Write out exactly, and only, the lines below from the line with "RED DENIM 15Oz" through the line with "The net fabric"; pictures do not belong in the copy.

[Exercise material]:
------------------------------------------------

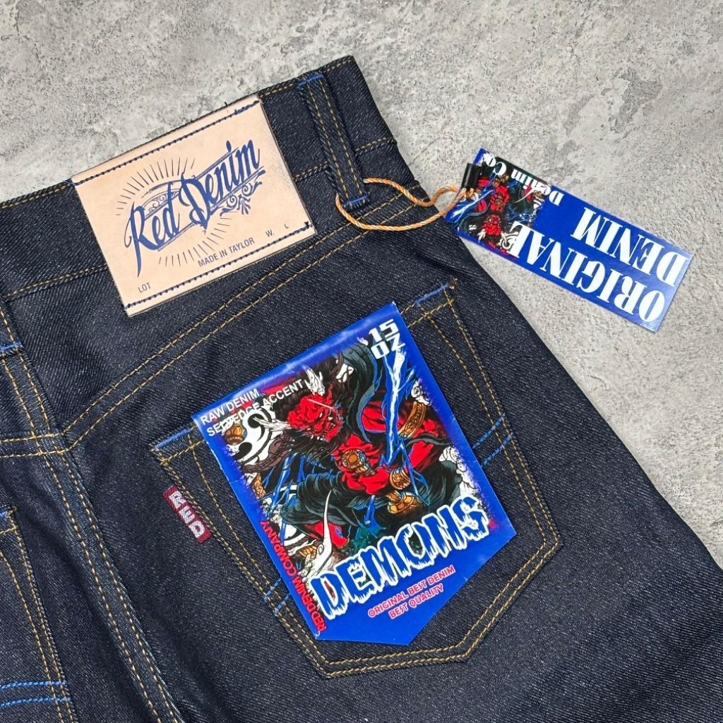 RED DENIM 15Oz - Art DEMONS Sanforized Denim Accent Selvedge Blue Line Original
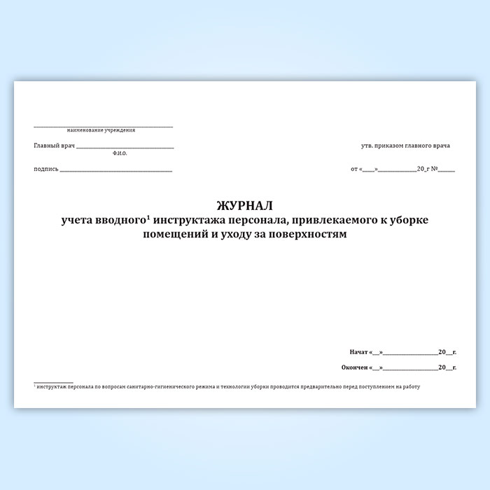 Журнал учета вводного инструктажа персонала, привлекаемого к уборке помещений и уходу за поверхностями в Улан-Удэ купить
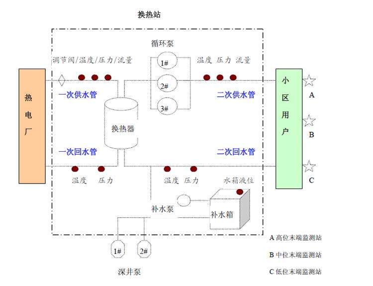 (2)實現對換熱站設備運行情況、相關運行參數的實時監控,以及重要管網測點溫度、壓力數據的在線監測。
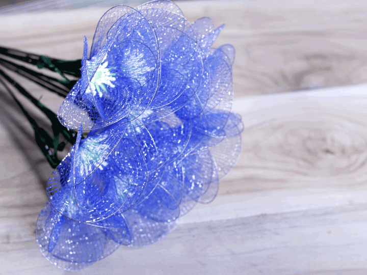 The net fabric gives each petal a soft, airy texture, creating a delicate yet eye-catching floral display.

------------------------------------------------

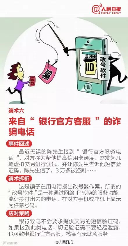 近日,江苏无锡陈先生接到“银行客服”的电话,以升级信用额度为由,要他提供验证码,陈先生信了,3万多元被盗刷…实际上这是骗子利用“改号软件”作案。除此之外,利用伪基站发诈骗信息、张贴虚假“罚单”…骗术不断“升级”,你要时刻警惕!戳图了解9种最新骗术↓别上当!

------------------------------------------------

[Solved problem]:
 RED DENIM 15Oz - Art DEMONS Sanforized Denim Accent Selvedge Blue Line Original
 Журнал учета вводного инструктажа персонала, привлекаемого к уборке помещений и уходу за поверхностями в Улан-Удэ купить
 (2)實現對換熱站設備運行情況、相關運行參數的實時監控,以及重要管網測點溫度、壓力數據的在線監測。
 The net fabric gives each petal a soft, airy texture, creating a delicate yet eye-catching floral display.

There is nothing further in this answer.